Aura Aero a l'ambition de construire à proximité de l'aéroport Toulouse-Francazal une site industriel accueillant la conception, la fabrication, l’assemblage, les essais de mise en vol et la livraison aux clients de sa flotte d'avions : à la fois la famille d'aéronef biplace Integral (dont l'Integral E, qui est 100% électrique) et surtout accompagner la montée en cadence d'ERA, son avion hybride régional de 19 places.
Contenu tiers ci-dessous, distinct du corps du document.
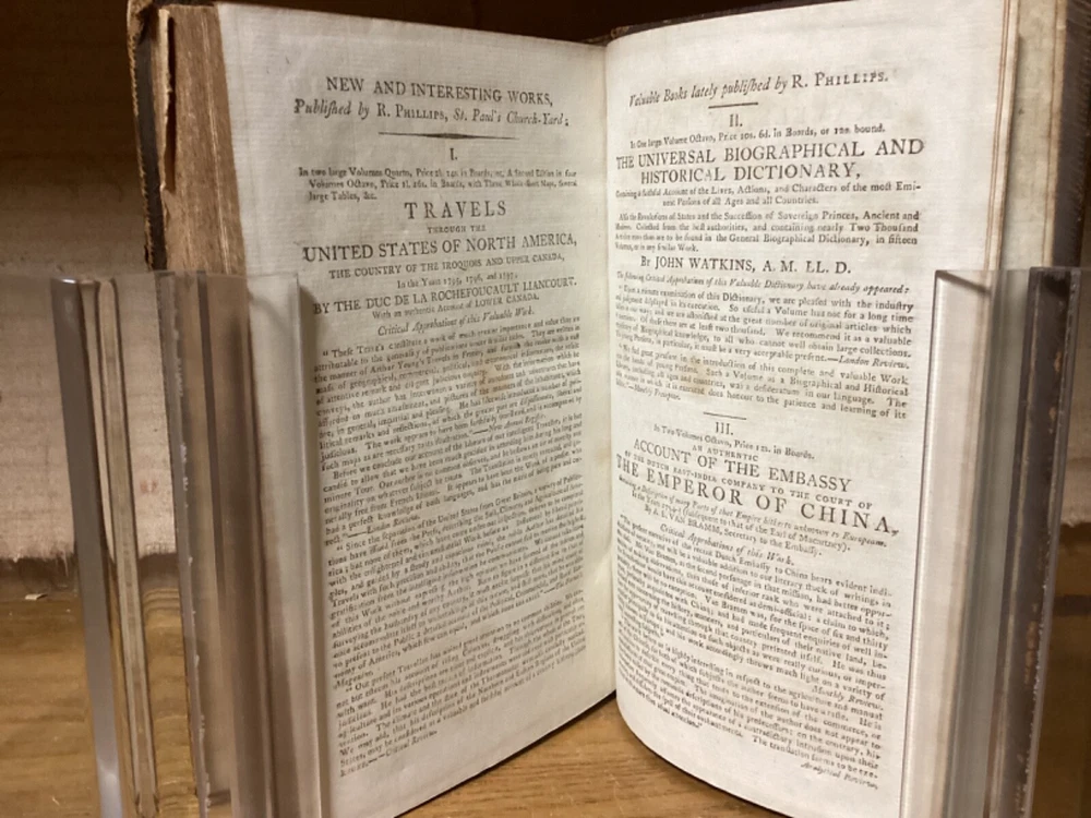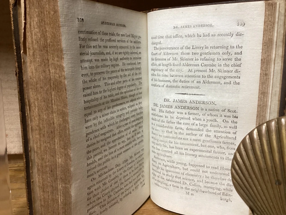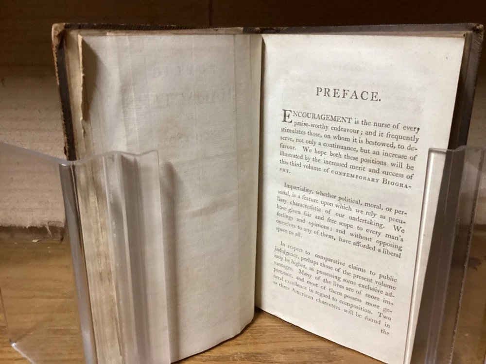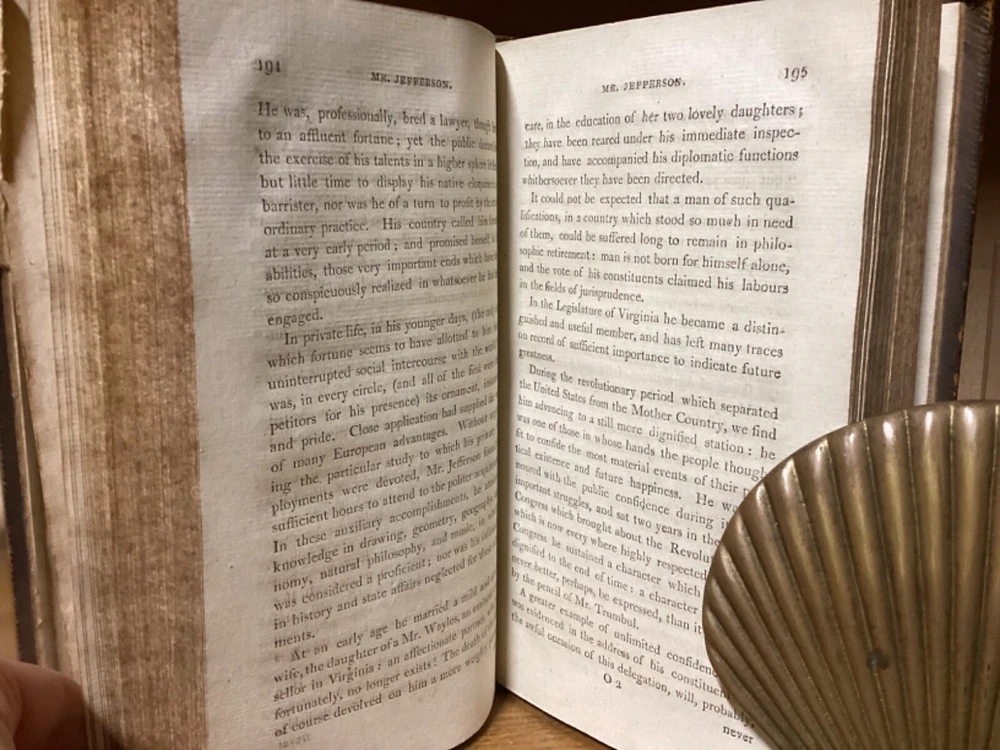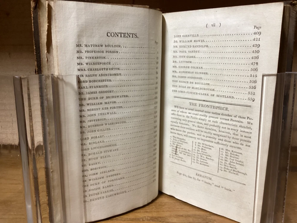 Public Characters of 1800-1801. Printed in London for R. Phillips. 1801, 587 + 7 pp. 8.5” x 5.25”. 8vo. Hardcover full leather. In good condition, with minor rubbing and wear to exterior. Hinges remain tight and text block remains bound well. Light chipping to edges of title labels on spines. Foldout remains in good condition. Light markings. Bookseller sticker on top left corner of front pastedown. General age-related toning to pages, along with periodic foxing and wear. Please see photographs and ask any questions prior to purchasing. A scarce British piece on popular and influential figures at the start of the 19th Century. Includes a section dedicated to Thomas Jefferson, then John Adams’ vice president, who would subsequently be elected president at the end of the year. COLH1801BIJC
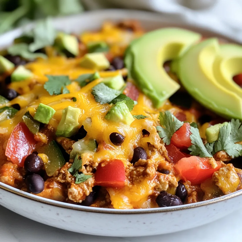 To make a tasty Healthy Enchilada Skillet, you need these key ingredients: - 1 tablespoon olive oil - 1 onion, diced - 2 cloves garlic, minced - 1 bell pepper, chopped (any color) - 1 zucchini, diced - 1 can (15 oz) black beans, rinsed and drained - 1 can (14 oz) diced tomatoes (fire-roasted preferred) - 2 tablespoons enchilada sauce (homemade or store-bought) - 1 teaspoon ground cumin - 1 teaspoon chili powder - Salt and pepper to taste - 1 cup corn (fresh or frozen) - 1 cup shredded low-fat cheese (cheddar or Mexican blend) - 1/4 cup fresh cilantro, chopped (for garnish) - 1 avocado, sliced (for serving) These ingredients come together to create a rich flavor. The beans add protein, while the veggies bring freshness. The spices give it that classic enchilada taste. You can switch up the recipe with these optional ingredients: - Jalapeños for heat - Corn tortillas, cut into strips - Different cheese, like pepper jack - Greek yogurt instead of sour cream - Lime juice for brightness Feel free to add or swap items based on what you like. This dish is flexible and fun to make! This dish is not just tasty; it's also good for you. Here are some highlights: - Black beans: High in fiber and protein, they help keep you full. - Zucchini: Low in calories and packed with vitamins, it adds nutrition. - Bell pepper: Rich in vitamins A and C, it boosts your immune system. - Corn: Provides fiber and adds a sweet flavor. - Avocado: Full of healthy fats, it promotes heart health. Using these ingredients makes your meal balanced and nutritious. You get a delicious mix of flavors and health benefits all in one skillet. {{ingredient_image_1}} To start, gather all your ingredients. You will need: - 1 tablespoon olive oil - 1 onion, diced - 2 cloves garlic, minced - 1 bell pepper, chopped (any color) - 1 zucchini, diced - 1 can (15 oz) black beans, rinsed and drained - 1 can (14 oz) diced tomatoes (fire-roasted preferred) - 2 tablespoons enchilada sauce (homemade or store-bought) - 1 teaspoon ground cumin - 1 teaspoon chili powder - Salt and pepper to taste - 1 cup corn (fresh or frozen) - 1 cup shredded low-fat cheese (cheddar or Mexican blend) - 1/4 cup fresh cilantro, chopped (for garnish) - 1 avocado, sliced (for serving) Next, chop your onion, bell pepper, zucchini, and garlic. This step makes cooking easier. Rinse and drain the black beans. These steps prepare you for quick cooking. Start by heating the olive oil in a large skillet over medium heat. Once the oil is hot, add the diced onion. Sauté for about 3-4 minutes until it softens. Then, stir in the minced garlic. Cook for another minute until it smells good. Add the chopped bell pepper and zucchini next. Cook these for 4-5 minutes until they begin to soften. This mix gives a nice base for your skillet. Now, mix in the black beans, diced tomatoes, and enchilada sauce. Add ground cumin, chili powder, salt, and pepper too. Stir it all well. Bring this mixture to a gentle simmer. Cook uncovered for about 8-10 minutes. This step allows the flavors to blend together. After that, stir in the corn and half of the shredded cheese. Make sure everything is evenly mixed. Sprinkle the rest of the cheese on top. Cover the skillet and cook for an additional 3-5 minutes. The cheese should melt nicely. To ensure even cooking, keep your heat at medium. Stir the mixture often, so nothing sticks or burns. If the skillet looks too dry, add a splash of water. This will help keep the mixture moist. Cut your veggies into similar sizes. This helps them cook evenly. Also, don’t rush the simmering step. Allowing time for the flavors to meld is key. Enjoy the process, and your Healthy Enchilada Skillet will turn out great! To make your Healthy Enchilada Skillet pop, focus on spices. You can add a pinch of smoked paprika for depth. A squeeze of fresh lime juice brightens the meal. Fresh herbs like cilantro add a burst of flavor, too. You can swap in a dash of hot sauce for some heat. If you need a gluten-free option, use gluten-free enchilada sauce. You can substitute black beans with pinto or kidney beans if you prefer. For a dairy-free version, try a plant-based cheese or skip the cheese altogether. If you want a low-carb meal, replace the corn with cauliflower rice. Serve your enchilada skillet in a colorful dish to make it pop. Top with avocado slices and fresh cilantro for a nice touch. You can also add a dollop of Greek yogurt or guacamole for creaminess. Pair it with a side salad or tortilla chips for a fun crunch. Enjoy this meal warm for the best taste! Pro Tips Use Fire-Roasted Tomatoes: Opting for fire-roasted diced tomatoes enhances the smoky flavor of your enchilada skillet, giving it an authentic taste. Customize Your Veggies: Feel free to substitute or add other vegetables like corn, spinach, or mushrooms based on your preference or what you have on hand. Control the Heat: If you like it spicy, consider adding chopped jalapeños or a pinch of cayenne pepper to the skillet for an extra kick. Make It Ahead: This dish can be prepared in advance and stored in the refrigerator. Simply reheat when ready to serve for a quick and easy meal. {{image_2}} You can easily make this dish vegetarian or vegan. For a vegetarian version, skip the cheese or use a low-fat cheese option. If you want a vegan option, use plant-based cheese or omit it altogether. You can add more veggies like spinach or mushrooms for extra flavor. These options keep the dish healthy and tasty. Adjusting the spice level is simple. If you like heat, add jalapeños or a pinch of cayenne pepper. If you prefer mild flavors, reduce the chili powder. You can also serve hot sauce on the side. This way, everyone can customize their plates to their taste. If you want to change the protein, try using lentils or chickpeas. Both options add great texture and nutrition. For a meat option, you can add cooked chicken or turkey. Another choice is to use tofu. It soaks up flavors well and makes the dish hearty. To k

La société, qui emploie déjà 250 personnes sur son site de 6 500 m2 à Francazal, vise grâce à ce site supplémentaire la livraison de 150 avions par an avec un effectif d’environ 1 600 emplois directs à la cadence maximale du site en 2033. La nouvelle usine (de plus de 40 000 m2), baptisée Aura Factory, s'étendra sur un terrain de 124 500 m2.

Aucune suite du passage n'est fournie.